- Children of the late Sir Michael Butler fight over £8million Ming collection
- Siblings James, Katharine, Charles and Caroline talked via lawyers
- Katharine and Charles fought to keep Dorset museum collection together
- But Caroline and James fought to be allowed to remove their shares
- The haul was collected over 50 years and is sought after by collectors
To art dealers, it is a unique £8 million assortment of rare ceramics that rich Chinese collectors would be desperate to acquire.
To scholars, the 500 gleaming bowls and vases make up the world's most important collection of 17th Century Chinese porcelain, a priceless cultural legacy.
But for the children of the late Sir Michael Butler, former adviser to Margaret Thatcher, the late Ming Chinese pieces he spent 50 years collecting are a source of pride – and anguish.
One of the siblings, Katharine Butler, with the collection of her late father, Sir Michael Butler
For six years, Katharine Butler, 48, and her brother Charles, 49, have been locked in battle to keep the collection intact while Caroline, 62, and James, 50, fight through the courts to remove their share from the private family museum in Dorset.
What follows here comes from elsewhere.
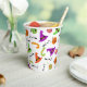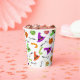 Divertidas tazas de papel de Halloween con caramelos, calabazas y gorras de brujas en naranja, verde y morado sobre un fondo blanco. Estas tazas de papel serían excelentes para una fiesta de cumpleaños temática de Halloween o para un fiesta de disfraces de fiesta de Halloween.

Such is the bitterness engendered, younger and elder siblings communicate only via legal letters. The case has dragged damaging secrets out into the light, including allegations of Sir Michael's marital infidelity and his supposed financial favouritism towards his younger offspring.
In one corrosive email disclosed in court, it was claimed that Sir Michael was more interested in his vases than his children. Now, The Mail on Sunday has established that it is the elder siblings who have prevailed. On Thursday, Judge Simon Barker QC ruled in favour of Caroline and James, saying the Butler Family Collection will indeed be divided, leaving Katharine and Charles distraught.
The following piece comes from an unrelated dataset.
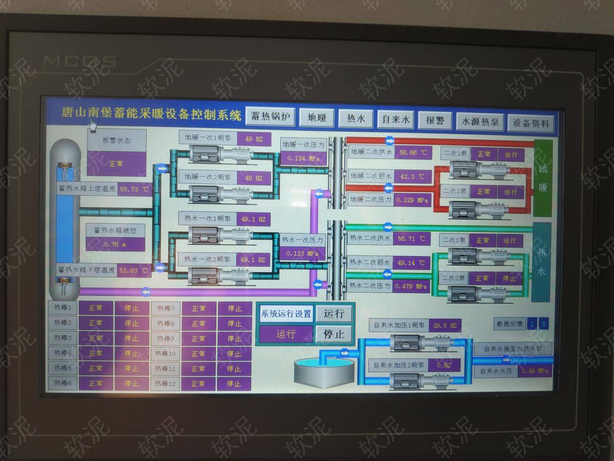 | 1. 項目位于唐山市曹妃甸區(qū),北堡村附近。加壓泵使用變頻器根據(jù)管道反饋水壓自動調(diào)速運行頻率,維持自來水水壓恒定。熱水通過板式換熱器獲得蓄熱水箱的熱能,維持熱水恒溫。 2. 水箱蓄熱功能自動運行,反饋電流異常時能自動顯示故障信息(當?shù)仉妰r沒有峰谷) 3. 制熱時二次網(wǎng)水泵不間斷運行,一次網(wǎng)水泵通過間歇運行給板式換熱器維持恒定溫度,從蓄熱水箱獲取熱源。沒有制冷功能。 4. 所有傳感器和設(shè)備運行數(shù)據(jù)接入軟泥物聯(lián)網(wǎng)系統(tǒng),機房自動運行無人值守,通過手機軟件可隨時查看設(shè)備運行情況和修改設(shè)定參數(shù)。 |

As Katharine puts it, she is heartbroken. 'It's a cultural tragedy,' she says, poised and articulate as you might expect from the daughter of a diplomat, but visibly distressed. 'The world's best collection of Chinese porcelain from that era will be broken up and dispersed, when our father made it very clear he wanted it kept together.
'For me, the pieces aren't just pots – they represent my father's extraordinary achievement. He created the collection meticulously over 50 years.'
Each of the siblings will be entitled to choose 125 pieces, a legacy worth £1 million, although the elder two insist they are not motivated by money.
'I can't understand why my brother and sister think it's OK not to have talked to us in two years, to disregard my father's wishes and to break up a collection which has such cultural and academic importance,' says Katharine.
'I'm particularly confused about why James has taken this position. I find it difficult to believe he wants to keep 125 pieces of porcelain in his house.'
Of Caroline, who, ironically, is a trustee of the Art Fund, a charity which works to keep collections intact and in Britain, Katharine says: 'There are many phases of grief and I think my sister is stuck in the angry stage. I'm very sad they won't communicate with us. I think both of them got carried away with the litigation. They became more and more rigid in their position as the time – and costs – went by.
The Butlers' situation is as rare as the porcelain at issue, but at its core is a story which is sadly familiar – as tensions and rivalries ignite following the death of a parent. Katharine believes her father, who died in 2013, would be devastated by the court ruling and by the animosity between his children. Their mother, Ann Ross Skinner, is also understandably distraught. She has supported her two youngest children's bid to keep the collection together and sat by Katharine's side in court.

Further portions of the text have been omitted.